Human-Centered Data Science Lab

Originally posted on June 23, 2019 at https://fanfictiondatascience.tumblr.com/post/185799336200/do-substantive-reviews-improve-authors-writing.

Introduction

The goal of this research is to find further evidence for the benefits of distributed mentoring. Distributed mentoring is “a kind of mentoring that is uniquely suited to networked communities, where people of all ages and experience levels engage with and support one another through a complex, interwoven tapestry of interactive, cumulatively sophisticated advice and informal instruction” [1]. This involves multiple kinds of feedback exchanged between many mentors and mentees. In this research project, we used machine learning to classify Fanfiction.net reviews by their category within distributed mentoring theory.

Earlier research in our group published in the paper ‘More Than Peer Production: Fanfiction Communities as Sites of Distributed Mentoring’ has outlined 13 categories that were observed in Fanfiction.net reviews [2]. We used shallow positive, targeted positive, targeted constructive, and targeted positive & constructive for this analysis, as they are the four mutually exclusive codes. Table 1 below provides a formal description and percentage of reviews for each of the categories [2].

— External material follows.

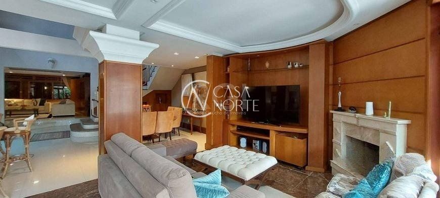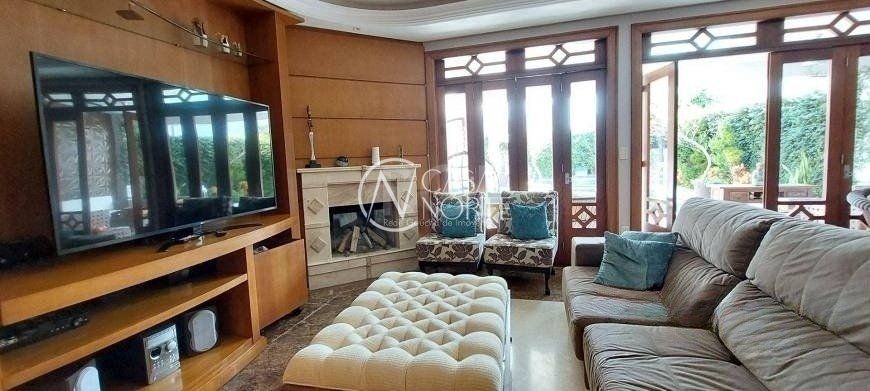 Belíssima residência de 386m² (área privativa) mobiliada, composta por 4 dormitórios, sendo 3 suítes (1 suíte máster com closet, sacada e banheira de hidromassagem), hall de entrada, gabinete, living para 03 ambientes com pé direito alto, 02 lareiras, lavabo, bar, revestimentos internos com madeiramento nobre, cozinha montada, jardim de inverno, lavanderia, 04 vagas de garagem sendo 02 cobertas, pátio com piscina, espaço gourmet com churrasqueira e banheiro auxiliar. Excelente localização, a poucos minutos do calçadão de Ipanema.

Table 1: Description and Percentage of Categories (based on 4500 reviews)

(Note: percentages add up to more than 100% because a review could be in multiple categories).

An example of a shallow positive review is “Great story!”, targeted positive is “I loved the character development of James”, and a targeted constructive review is “You could have described the battle scene better!” Targeted positive & constructive reviews contains both targeted positive and targeted constructive comments.

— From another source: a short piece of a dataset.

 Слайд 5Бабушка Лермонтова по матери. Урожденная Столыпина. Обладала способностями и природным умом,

Our overarching research question is “Do certain review categories correlate with various attributes of distributed mentoring?” For example, we want to explore whether substantive, targeted reviews improve authors’ writing. This research would be beneficial to the fanfiction community, as it would provide an outline to members of the community on how to effectively impact and interact with authors. The theory of distributed mentoring is an applicable framework to use, as it discusses the effect of networked communities. To apply this theory, we used the public reviews available in the fanfiction community. Since there are numerous types of reviews, we used the codes listed in Table 1 to classify the reviews.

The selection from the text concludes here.